漫画や小説などで異世界に飛ばされるというような話は数多あるが、それは創作だから成立しているに過ぎない。
科学的に異世界が立証されれば話は違ってくるのだろうが、わたしの知る限り現代でそんな夢物語のようなことは聞いたことなかった。ここではないどこかに行けたとして、せいぜい地球を飛び出して月に行ける程度が限界だ。人は宇宙にいけても、異世界には行けない。
切羽詰まる飢餓感の中でも、わたしはまだ自分が夢を見ているだけだと思い込んでいた。このままでは死んでしまうかもしれない。不吉な考えは過ってはいたが、頑なまでに現実であることを否定した。
実のところ最初の頃は物語の主要人物を見てみたいだとか、万事屋のあの人に助けを求めてみたら状況が変わるかもしれないーーそんな楽観的な考えで街を探索してみた。
けれど、見つけることはできなかった。お登勢というスナックはあったが、その二階部分に万事屋の看板は掛けられてなかったのだ。

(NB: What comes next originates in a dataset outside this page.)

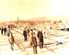 ![]() Construcción del segundo nivel del Palacio Nacional, al fondo la majestuosa Catedral Metropolitana. Año 1941. Foto: Rafael Morales Sánchez. | ![]() Supervisión de Ingenieros en el segundo nivel del Palacio Nacional. Foto: Rafael Morales Sánchez. |

これが何を意味するのかはわからないが、やはりこれは夢なんだなと思い知っただけだった。わたしの貧困な想像力では、物語の世界を忠実に再現できていないのだろう。
ーーこのまま死んでしまえば、もしかして夢から覚めるのではないか。
視界が霞み、碌な思考しか出来なくなって来た頃、雨が降り出した。
しとしとと降る冷たい雨は、弱った身体を打ちつけてなけなしの体力を奪っていく。
もう限界だった。見慣れない街を彷徨うだけで何の面白みもない夢だったが、1週間よく持ち堪えた方だろう。果たして夢から覚めてくれるかどうかは知らないが、いい加減じわりじわりと蝕んでいく衰弱から解放されたかった。
ぐるぐると回る思考に見切りをつけ、瞼を閉じる。ーーあの人に出会ったのは、その時だった。
運命ともいえるような邂逅。わたしは長い夢を見続けることになる。